> [TASK REQUIREMENTS] Beneath this task are records; print exactly the stretch of them from the line with "I absolutely love" through the line with "เสื้อมีฮู้ดผู้", both ends included.

> [DATASET CONTENT]
+++
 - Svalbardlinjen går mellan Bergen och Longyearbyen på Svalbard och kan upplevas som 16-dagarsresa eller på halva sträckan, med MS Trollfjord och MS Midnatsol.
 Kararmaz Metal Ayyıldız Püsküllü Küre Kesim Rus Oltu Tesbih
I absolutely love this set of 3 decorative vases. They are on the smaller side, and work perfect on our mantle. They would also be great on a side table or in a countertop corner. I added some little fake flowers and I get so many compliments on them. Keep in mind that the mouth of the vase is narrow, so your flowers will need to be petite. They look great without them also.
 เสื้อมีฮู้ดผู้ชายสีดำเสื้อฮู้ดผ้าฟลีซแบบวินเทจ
+++
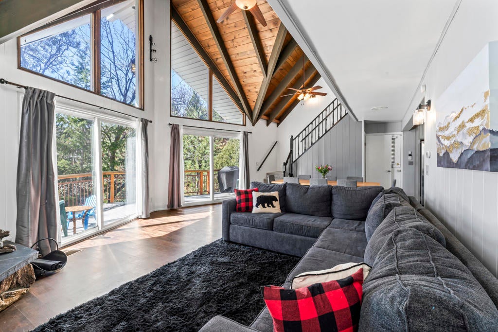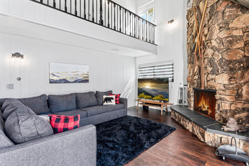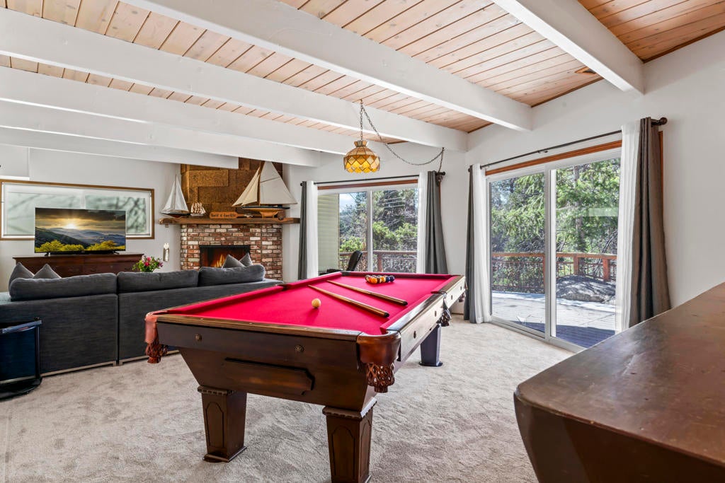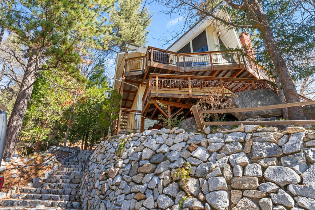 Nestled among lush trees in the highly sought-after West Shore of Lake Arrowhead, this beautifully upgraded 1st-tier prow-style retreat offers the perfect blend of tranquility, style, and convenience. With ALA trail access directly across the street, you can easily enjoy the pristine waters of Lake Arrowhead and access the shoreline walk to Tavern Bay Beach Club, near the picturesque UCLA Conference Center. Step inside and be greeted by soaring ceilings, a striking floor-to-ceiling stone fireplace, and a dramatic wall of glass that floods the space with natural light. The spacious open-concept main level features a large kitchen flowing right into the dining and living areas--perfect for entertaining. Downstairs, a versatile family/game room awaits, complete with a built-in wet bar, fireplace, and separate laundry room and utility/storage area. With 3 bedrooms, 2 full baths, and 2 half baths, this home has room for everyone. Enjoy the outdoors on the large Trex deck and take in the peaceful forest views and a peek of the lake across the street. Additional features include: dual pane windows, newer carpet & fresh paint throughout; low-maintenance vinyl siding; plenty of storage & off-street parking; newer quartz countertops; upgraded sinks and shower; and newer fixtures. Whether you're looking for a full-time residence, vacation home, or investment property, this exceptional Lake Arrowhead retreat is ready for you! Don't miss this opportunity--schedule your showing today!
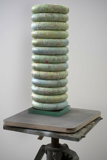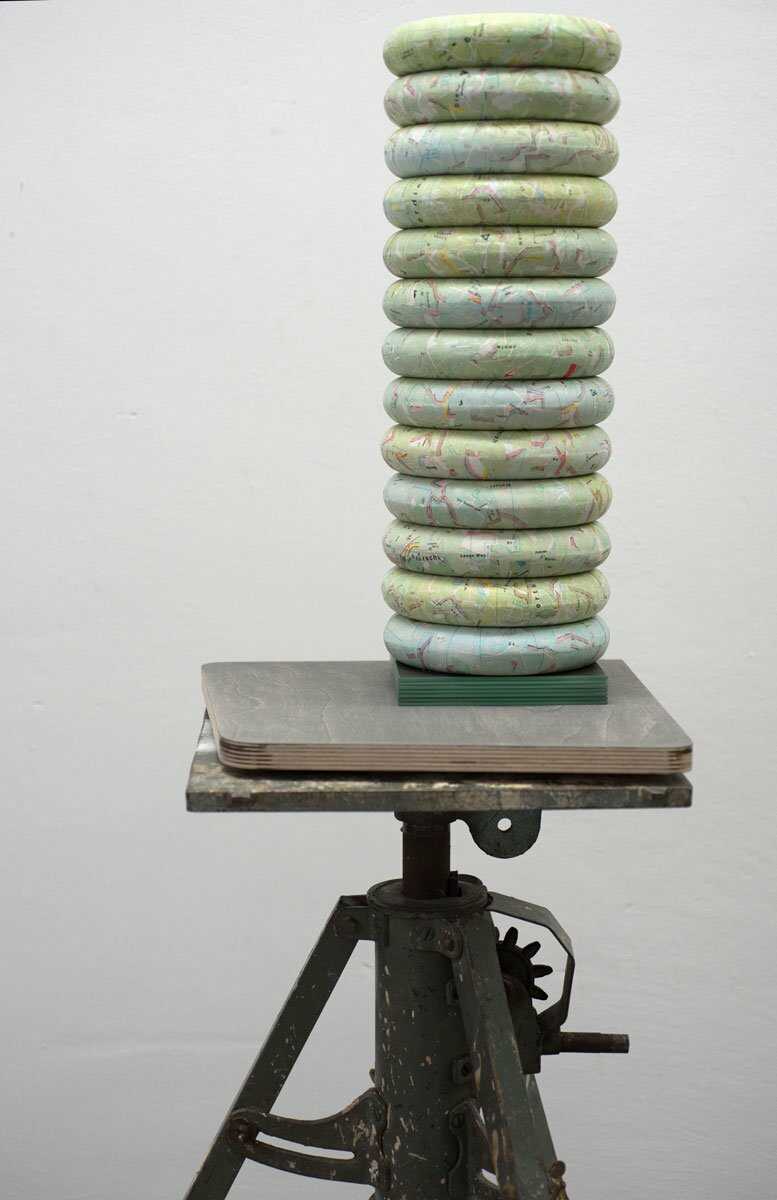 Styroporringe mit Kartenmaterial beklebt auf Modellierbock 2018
+++
> [RESULT]
I absolutely love this set of 3 decorative vases. They are on the smaller side, and work perfect on our mantle. They would also be great on a side table or in a countertop corner. I added some little fake flowers and I get so many compliments on them. Keep in mind that the mouth of the vase is narrow, so your flowers will need to be petite. They look great without them also.
 เสื้อมีฮู้ดผู้ชายสีดำเสื้อฮู้ดผ้าฟลีซแบบวินเทจ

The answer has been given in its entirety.